In a prospective, multicenter cohort study, 256 patients diagnosed with transthyretin cardiac amyloidosis from March 2021 to March 2024 underwent comprehensive geriatric assessment (CGA). The study evaluated the prevalence and clinical associations of CGAs across different disease stages (National Amyloidosis Centre stage). Key CGA domains included disability, malnutrition, depression, frailty, Short Physical Performance Battery, and cumulative deficits (sum of the single CGA items). Associations of these measures with disease-modifying therapy and overall mortality were analyzed.
Median age was 82 years (men: n=223 [87%]; variant: n=19 [7.4%]); 129 (50.3%) patients received disease modifiers. Those ≥85 years had significantly lower odds of receiving disease-modifying therapy even after adjusting for disability, frailty, and cumulative deficits. Over 1.9 (interquartile range, 1.0-2.3) years, 45 (17.6%) patients died. After adjustment for National Amyloidosis Centre stage, diuretics and disease modifiers, CGA domains of disability, malnutrition, Short Physical Performance Battery, frailty, and number of deficits, but not age, were significantly associated with mortality. Assessment of CGA domains improved National Amyloidosis Centre prognostic accuracy.

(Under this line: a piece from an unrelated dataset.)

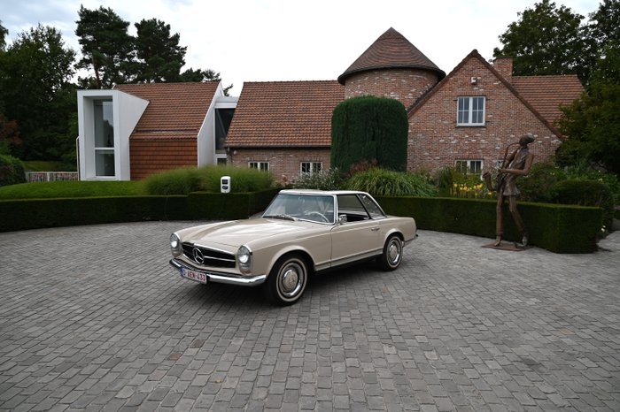 Mercedes-Benz 230 SL Pagode – 1965 Lichaam & verf: Uitgevoerd in een verfijnde crème-bruine kleurencombinatie. Deze auto heeft een oudere restauratie ondergaan die sindsdien in topconditie is gebleven. De lak, onderkant, motorruimte, kofferbak en zelfs onder de vloermatten vertonen geen roestsporen. Er zijn wel wat gebruikssporen aanwezig, zoals duidelijk te zien is op de foto's (bijvoorbeeld bij de uitlijningspennen van de hardtop). De softtop is in uitstekende staat, bruin van kleur, en ziet er prachtig uit. De auto wordt geleverd met de hardtop, die in zeer goede staat verkeert, maar niet gerestaureerd is. Technisch De 2,3-liter motor loopt uitstekend en start direct, zowel koud als warm. Er is geen sprake van overmatige olielekkage, alleen een lichte zweetplek aan de rechterkant van de carterpanpakking. De auto wordt nog steeds actief gebruikt in rally's zonder problemen. Remmen en vering voelen zeer responsief aan, waardoor het een zeer plezierige rijder is. Mechanisch is dit een zeer gezond exemplaar, klaar om van te genieten. Interieur: Het interieur is afgewerkt in bruin. De stoelen zijn niet origineel en vertonen duidelijke slijtage, wat ruimte laat voor verbetering mocht de volgende eigenaar de auto weer naar de fabrieksspecificaties willen brengen. Documentatie: Oorspronkelijk geleverd in de VS, maar alle benodigde papieren voor België zijn aanwezig. De auto is momenteel geregistreerd in België. Extra informatie: Een zeer eerlijke Mercedes 230 SL Pagode uit 1965: roestvrij, kleurecht en matching numbers, prachtig onderhouden en mechanisch sterk. Met zijn aantrekkelijke kleurencombinatie, fijne softtop, zeer goede hardtop en solide uitstraling is dit een zeer gewilde klassieker voor een zeer redelijke prijs. Bezichtigingen zijn mogelijk in Melle, uitsluitend op afspraak.

In a national prospective cohort of patients with transthyretin cardiac amyloidosis, older age was associated with lower prescription of disease modifiers, even among individuals with a low burden of geriatric syndromes. However, when adjusted for geriatric domains, age was not associated with survival, indicating potential ageism. Because some geriatric syndromes may be modifiable, a CGA could enhance risk stratification, reduce age-related bias, and improve outcomes.
老年人(通常为八旬老人)中甲状腺转运蛋白型心脏淀粉样变的患病率正在上升。我们旨在确定年龄和老年综合征是否会对甲状腺转运蛋白型心脏淀粉样变的管理及预后产生影响,并评估年龄歧视的风险。

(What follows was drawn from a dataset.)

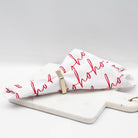 Add pizzaz to your holiday tablescape with our fun and festive Christmas napkin collection! The HoHoHo napkin features red script on a white background.18x18

在一项前瞻性多中心队列研究中,256例于2021年3月至2024年3月被诊断为甲状腺转运蛋白型心脏淀粉样变的患者接受了全面老年评估(CGA)。该研究评估了不同疾病阶段(国家淀粉样变中心分期)CGA的患病率及临床相关性。关键的CGA领域包括残疾、营养不良、抑郁、衰弱、简短体能测试以及累积缺陷(单个CGA项目的总和)。分析了这些指标与疾病修饰治疗及全因死亡率的关联。

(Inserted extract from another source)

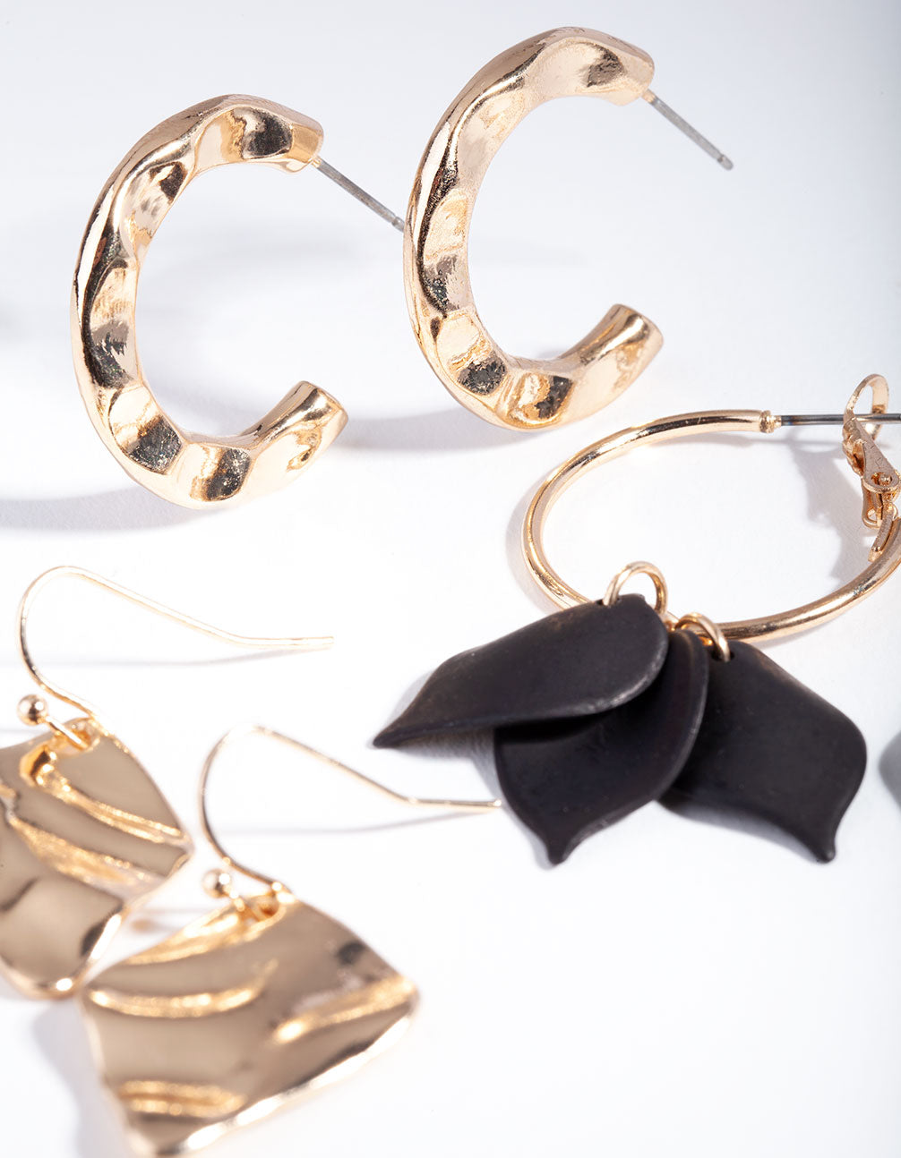 Stack up your earrings to create the perfect curated look, or wear them alone for a more refined addition to your outfit. This pack comes with a trio of styles with gold-toned settings and a floral motif.

中位年龄为82岁(男性:n = 223 [87%];变异型:n = 19 [7.4%]);129例(50.3%)患者接受了疾病修饰治疗。即便在对残疾、衰弱和累积缺陷进行校正后,年龄≥85岁的患者接受疾病修饰治疗的几率仍显著较低。在1.9(四分位间距,1.0 - 2.3)年的时间里,45例(17.6%)患者死亡。在对国家淀粉样变中心分期、利尿剂和疾病修饰治疗进行校正后,残疾、营养不良、简短体能测试、衰弱和缺陷数量等CGA领域,但不包括年龄,与死亡率显著相关。对CGA领域的评估提高了国家淀粉样变中心的预后准确性。
在一项全国性的甲状腺转运蛋白型心脏淀粉样变患者前瞻性队列研究中,即便在老年综合征负担较低的个体中,年龄较大也与疾病修饰治疗的处方率较低相关。然而,在对老年领域进行校正后,年龄与生存率无关,这表明存在潜在的年龄歧视。由于一些老年综合征可能是可改变的,CGA可加强风险分层,减少与年龄相关的偏倚,并改善预后。